На другой день после «оргии» я уехал в Петербург, а вся остальная окороковская компания под водительством Талины Петровны отправилась на Украину.
Впервые я на долгий срок оставался совсем один и один ехал в свой любимый город. Ехал в довольно кислом настроении. Но чем ближе к Петербургу — тем меньше мыслей о Москве и москвичах, тем сильнее волнующее ожидание чуда. И утром следующего дня, стоя перед чугунным монументом Паоло Трубецкого, я уже весь принадлежал этому городу, в котором в одном было заключено почти все, что я любил в своей стране, в ее истории.
За свою приверженность к Петербургу и к старым именам вообще я тут же был слегка наказан: я спросил, на каком трамвае доеду до Большого проспекта Петербургской стороны, — и меня отправили на Большой проспект Васильевского острова. Дело в том, что в Петербурге было два Больших проспекта: на Петербургской стороне и на Васильевском острове, но в ту пору, в Ленинграде, нужная мне улица называлась проспектом Карла Либкнехта. Я думаю, что человек, пославший меня на Васильевский остров, вопрос мой понял и решил меня «проучить». Он жил сиюминутностью, гордился своим «отречением от старого мира» и всякое упорство в этом отношении вызывало у него, должно быть, неприязнь. Он не подозревал, что через каких‑нибудь три года ему придется с такой же поспешной радостью отречься от своего Карла Либкнехта, как теперь он отрекался от Петербургской стороны и Большого проспекта.

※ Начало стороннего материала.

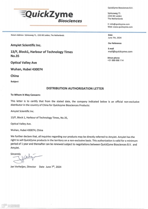 作为QuickZyme Biosciences在中国的区域总代理,艾美捷科技有限公司将为中国客户提供全面的QuickZyme Biosciences以及客户订制化服务。欢迎大家随时联系我们。
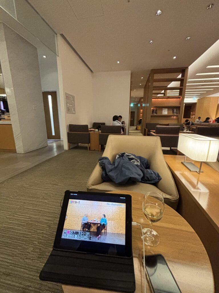 さくらラウンジにてiPadでダウンタウンプラスを見て時間つぶしました。この後、Tと偶然、、
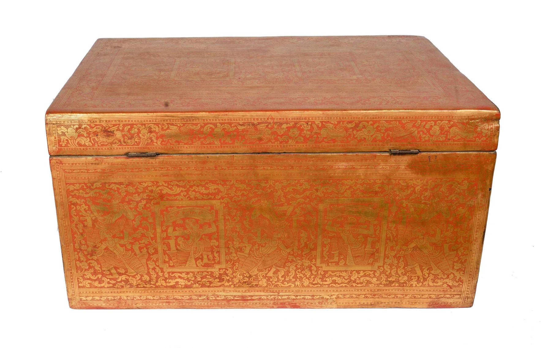 Ca. 19th century lacquer manuscript box. Sadaik (large, rectangular wooden and gold gilt manuscript boxes) were used at monasteries and the homes of government officials and wealthy individuals. The box depicts a traditional Burmese motif.
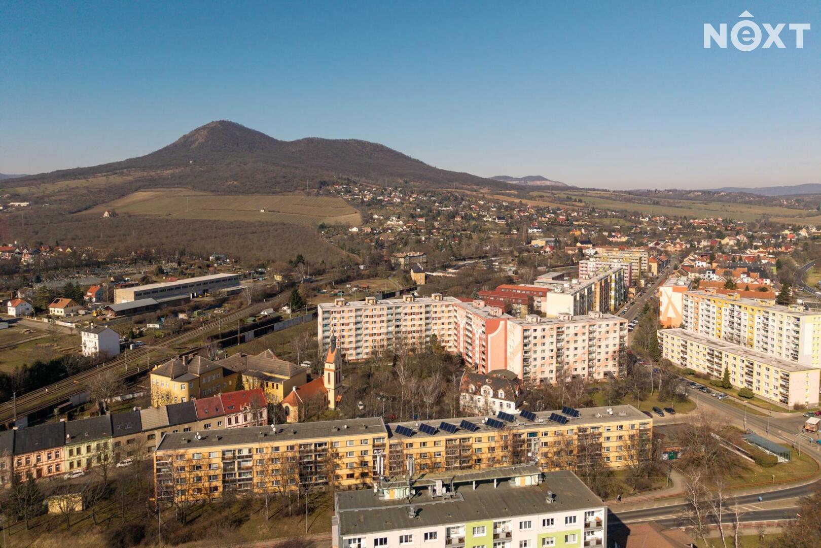 Představte si ráno, kdy si v kuchyni uvaříte kávu a místo dalšího dne ve spěchu se na chvíli jen díváte ven. Lovoš je tady tak blízko, že vám udělá kulisu k běžnému dni a večer k tomu přidá i hezký západ slunce. Právě tenhle výhled je jedna z věcí, která tenhle byt v Lovosicích dělá výjimečným.

Есть в таких отречениях некое неуважение не только к прошлому, но и к самому себе, отречение от своего «я», от устойчивости своих личных связей с миром. Черта эта вошла в психический склад наших людей — гомо советикус: равнодушие к топонимическому обезличиванию окружающего мира (коммунисты Камбоджи продвинулись по этому пути еще дальше: они, говорят, отобрали собственные имена и у людей, заменив их числами натурального ряда). Лет через тридцать, и опять‑таки в Петербурге, со мною произошел совершенно аналогичный случай: я попросил таксиста ехать в Царское Село, а он повез меня в Красное Село. Свою ошибку он объяснил мне тем, что никакого Царского Села нет. Я ему заметил, что он ведь мог бы поехать в Детское Село.
Ошалело побродив по Васильевскому острову, я перебрался через Тучков мост и явился к тете Вере.
Тетя Вера была стареющей, но еще бодрой женщиной. Но жизнь ее после смерти мужа стала скудной и уныло однообразной. Она служила в гомеопатической аптеке наискосок от своего дома в начале проспекта, поддерживала знакомство с двумя‑тремя семьями, порой играла по вечерам с соседями в лото… В ее осанке и манере говорить чувствовалось много достоинств. А вместе с тем было видно, что все ее связи с внешним миром — скорее инерция былой жизни, чем живая жизнь.
Может быть, только с племянником, сыном ее покойного брата Мини (Юрием Михайловичем Свириным), связывала тетю Веру живая ниточка, живая связь с тем временем, когда вокруг было так много милых и близких людей. От прошлого сохранилась и вера, спокойная и ненавязчивая, но кажется, ничем не поколебленная.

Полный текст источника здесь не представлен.